Pride and Prejudice Marriage Quotes

Elizabeth was much too embarrassed to say a word. After a short pause, her companion added, "You are too generous to trifle with me. If your feelings are still what they were last April, tell me so at once. My affections and wishes are unchanged, but one word from you will silence me on this subject forever." Elizabeth feeling all the more than common awkwardness and anxiety of his situation, now forced herself to speak; and immediately, though not very fluently, gave him to understand, that her sentiments had undergone so material a change, since the period to which he alluded, as to make her receive with gratitude and pleasure, his present assurances.

– Jane Austen

Pride and Prejudice, Chapter 58. If at first your don’t succeed…the climax of Austen’s classic story of love and misunderstanding arrives with Mr. Darcy’s famous second proposal and Elizabeth’s acceptance of it. Moments before Elizabeth learned that Darcy intervened to save Lydia because of his affection for Elizabeth. She is speechless with embarrassment, and Darcy uses the opportunity to propose again. Elizabeth clearly wasn’t ready to receive Darcy’s first proposal and his declaration of "how ardently I admire and love you." That proposal was also clumsily presented by Darcy, who spoke of how he struggled to repress his feelings and referred to Elizabeth’s inferior social position and family obstacles. But what an insulted Elizabeth didn’t understand then was that Darcy was trying to explain how he loved her in spite of her position and family connections. The second time round when Darcy proposes and Elizabeth accepts, it is more a conversation of equals instead of one or the other thinking that they are superior. Class is not a barrier. Also Darcy’s less prideful second proposal suggests no expectation on his part that Elizabeth will automatically accept him, as clearly was the expectation first time round. Elizabeth sees Darcy in a different light now as well, her stubbornness and prejudice against him having given way to a deeper understanding of his true character: honest and noble and a person of integrity. She has matured and grown to this point where she is ready to accept him.
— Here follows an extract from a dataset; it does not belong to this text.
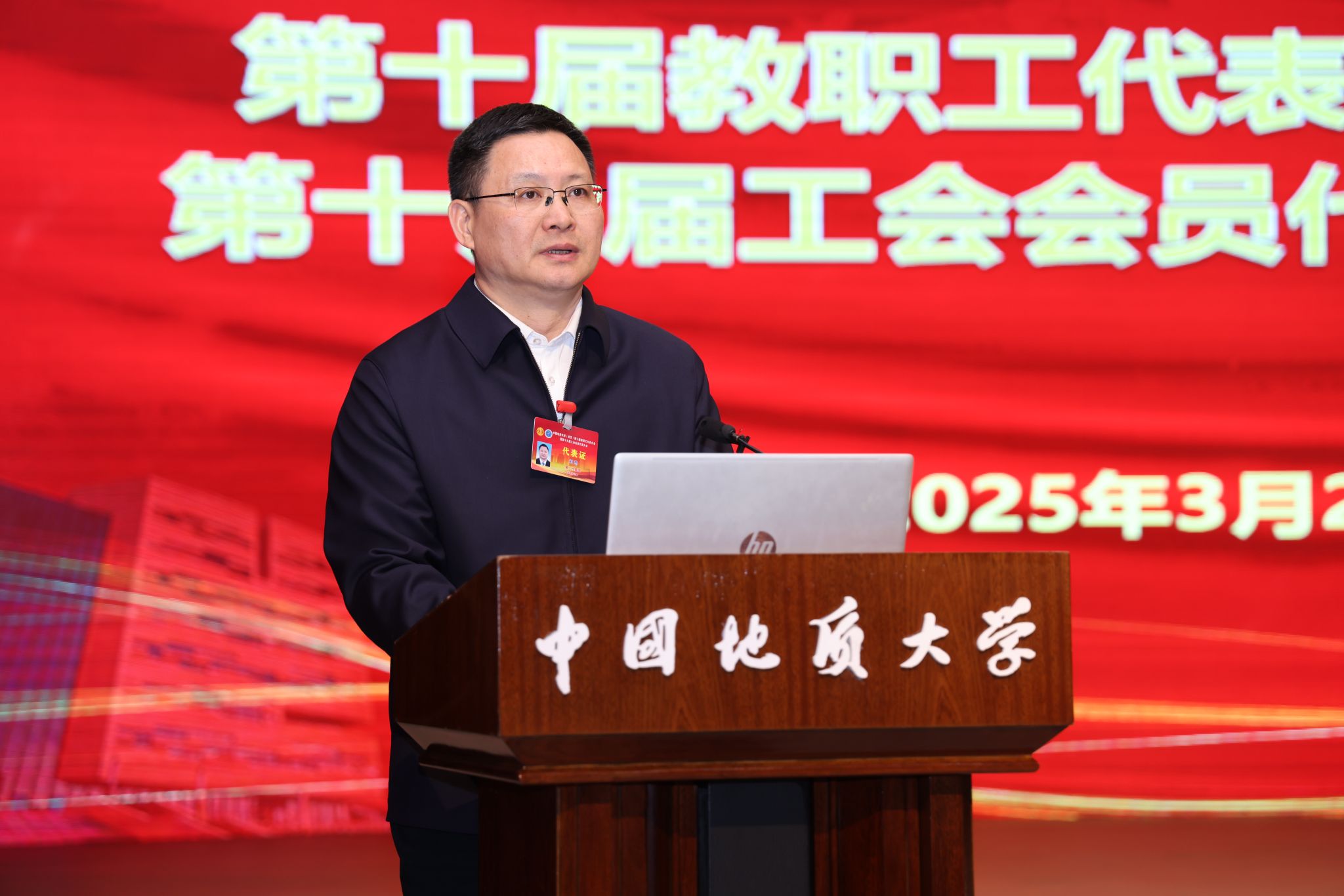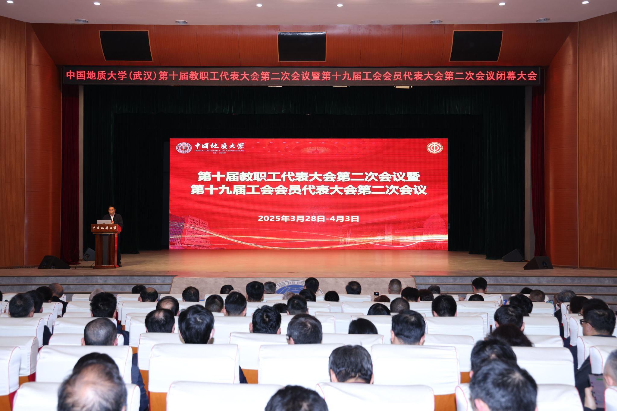 校党委书记刘杰致闭幕辞。他表示,各位代表认真审议各项工作报告,深入讨论事关学校改革发展的重要问题,提出了许多具有建设性的意见和建议,呈现出共谋、共建、共享的良好氛围。他强调,对标党中央2035年建成教育强国这一目标,学校必须加快建成世界重要的地学教育中心、人才中心和创新高地,力争2035年迈入地球科学领域世界一流大学行列。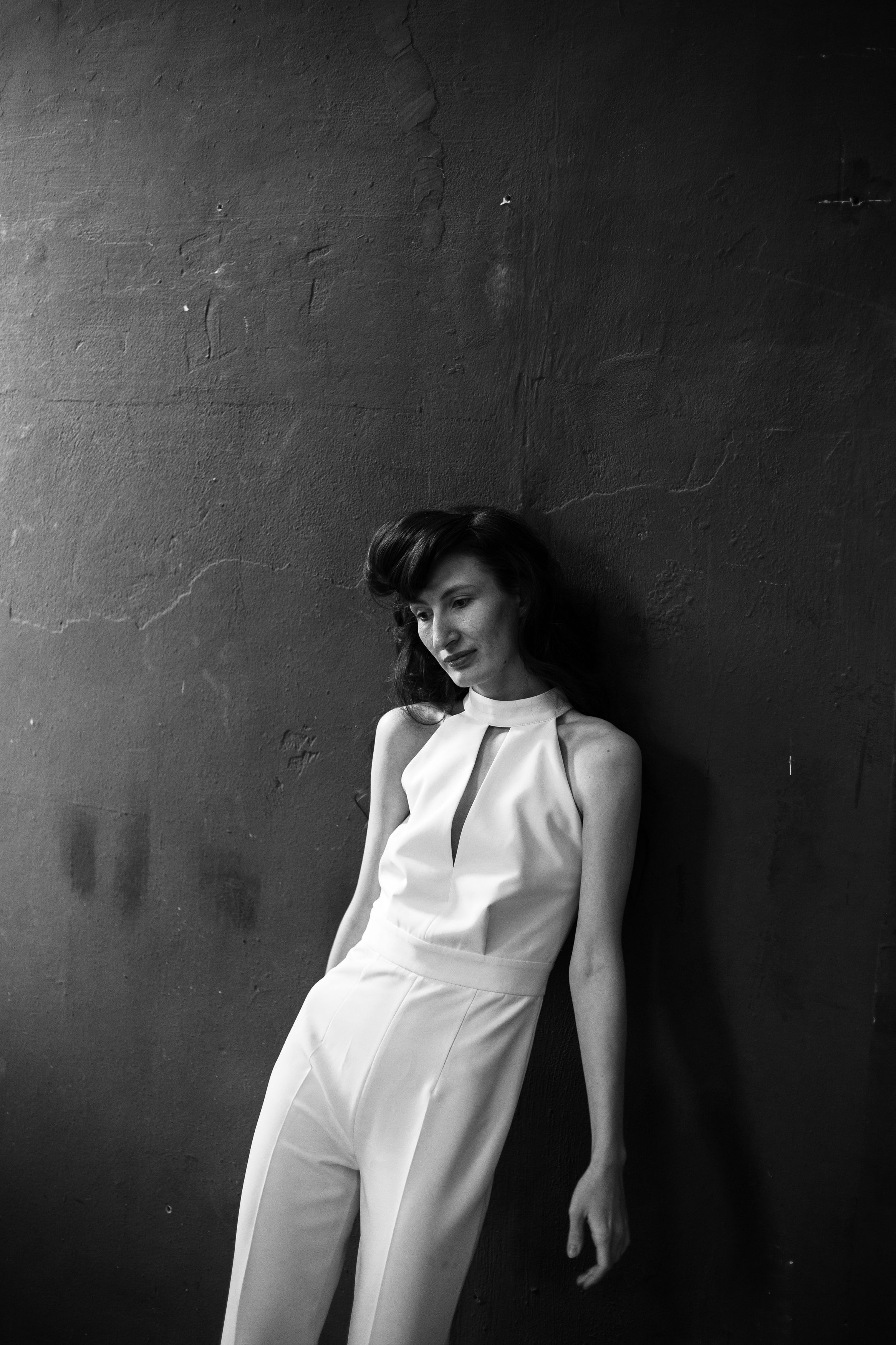 Женщина в белом костюме прислонилась к тёмной стене — контраст чёткий, поза расслабленная, но в ней что-то задумчивое. Снимок простой, но с налётом тишины.

Good gracious! Lord bless me! only think! dear me! Mr. Darcy! Who would have thought it? And is it really true? Oh! my sweetest Lizzy! how rich and great you will be! What pin-money, what jewels, what carriages you will have! Jane’s is nothing to it – nothing at all. I am so pleased – so happy. Such a charming man! – so handsome! so tall! Oh, my dear Lizzy! Pray apologize for my having disliked him so much before. I hope he will overlook it. Dear, dear Lizzy. A house in town! Everything that is charming!…Ten thousand a year, and very likely more! ‘Tis as good as a Lord!

– Jane Austen

Pride and Prejudice, Chapter 59. A giddy Mrs. Bennet rhapsodizes over Elizabeth’s engagement to Mr. Darcy, hardly able to believe her ears when her daughter announces the good news. She is ecstatic that Elizabeth is going to be rich, even richer than Jane. Her previous dislike of Mr. Darcy all of a sudden vanishes. The person she once described as "a most disagreeable, horrid man" is now "charming" and "handsome." Of course Darcy’s considerable wealth buys a lot of credit with Mrs. Bennet, it is his ten thousand a year income that she finds most attractive in him – "as good as a Lord!" For Mrs. Bennet, pin-money, jewels and carriages are what make Darcy and her daughter a good match. At the beginning of the novel we learned that the business of Mrs. Bennet’s life was to see her daughters married. Now with three of them finding husbands, one of the novel’s most mocked characters has achieved much of what she set out to do.